Mais il reste encore beaucoup à faire, de nombreuses cartes d’interfaces manquent encore, et il nous reste à les développer.

En résumé….l’avenir

Le simulateur du Concorde a donc été à la fois le précurseur de la simulation moderne et un objet très utile à l’entrainement des pilotes. En effet, très au point et très performant, il a permis la formation de nombreux pilotes et l’amélioration du Concorde lui-même.

C’est l’association Virtu’ailes qui cherche à donner une seconde vie à ce simulateur visible aujourd’hui au musée Aéroscopia de Toulouse. Elle monte des partenariats ou des conventions avec des écoles telles que l’IUT, l’INP-ENSEEIHT, les lycée professionnels, des entreprises comme AIRBUS,  HANDICAP France, COMA…. et appelle toujours mécènes et nouvelles personnes intéressées et passionnées à partager ce beau projet.

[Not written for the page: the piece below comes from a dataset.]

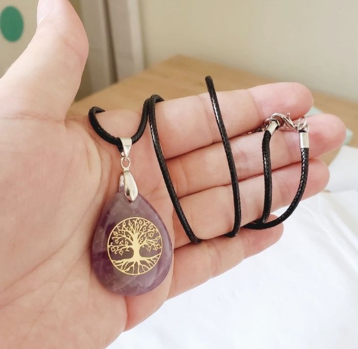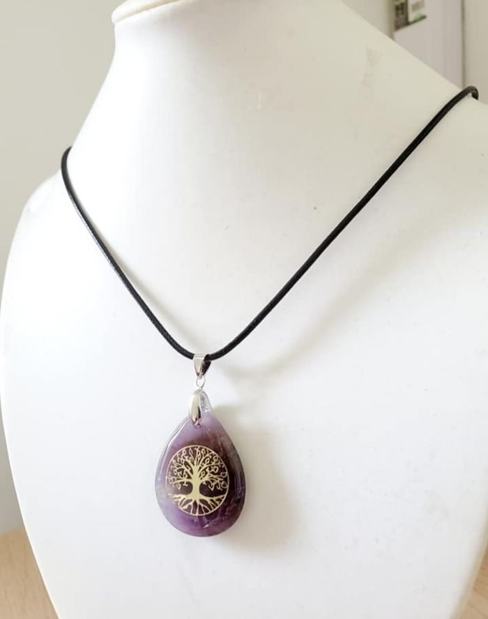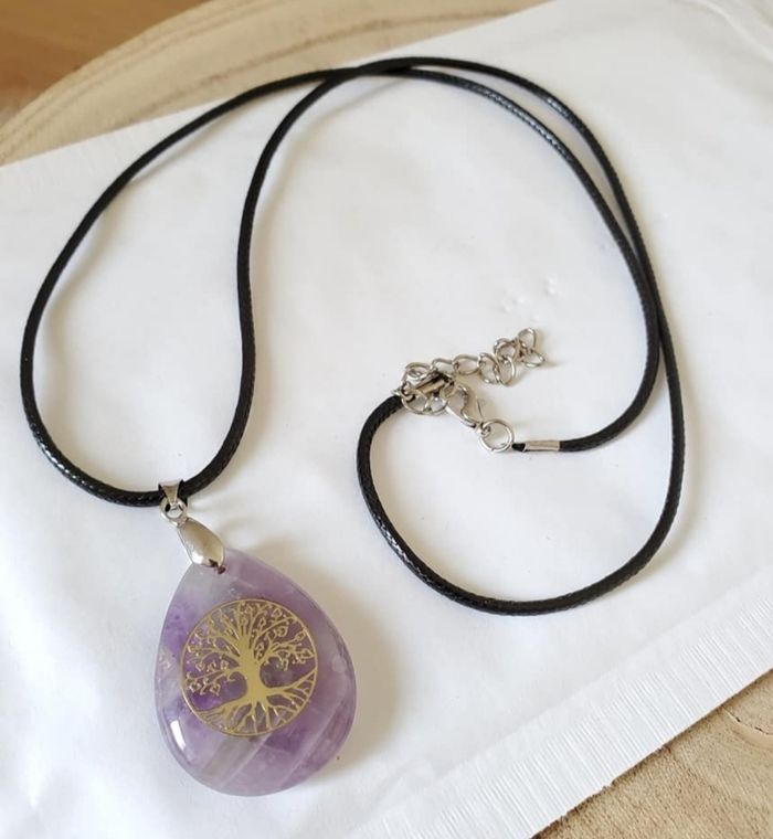 Collier pendentif mixte pierre naturelle Améthyste lithothérapie avec chaîne en cuir - Cordon cuir 45 cm L’améthyste est connue pour favoriser l’apaisement du mental. Elle permet aux personnes dépressives de se libérer du cycle infernal des pensées négatives qui les obsèdent. Cette pierre possède des propriétés qui purifient celui/celle qui la porte, lui offrant une plus grande ouverture d’esprit. L’améthyste est la pierre par excellence des personnes qui font souvent des rêves prémonitoires car elle les favorise en développant l’intuition. Le mental de la personne qui porte cette pierre sur elle sera en effet plus détendue de sorte de lui permettre de mieux capter les messages de subconscient.

Sur les derniers travaux, après l’échange du capteur d’effort défectueux, nous avons finalisé le fonctionnement du retour d’effort avec le calculateur analogique d’origine et un vérin électrique.

Aujourd’hui, même si il reste des choses à faire, on peut dire que la solution du vérin électrique est viable et que l’horizon se dégage pour la suite de la remise en route du simulateur.

L’association compte aujourd’hui une vingtaine de bénévoles, qui travaillent aussi en parallèle sur de nouveaux simulateurs comme celui de la Corvette SN601, de l’A350, et de l’A320. Le travail ne manque pas, nous vous attendons.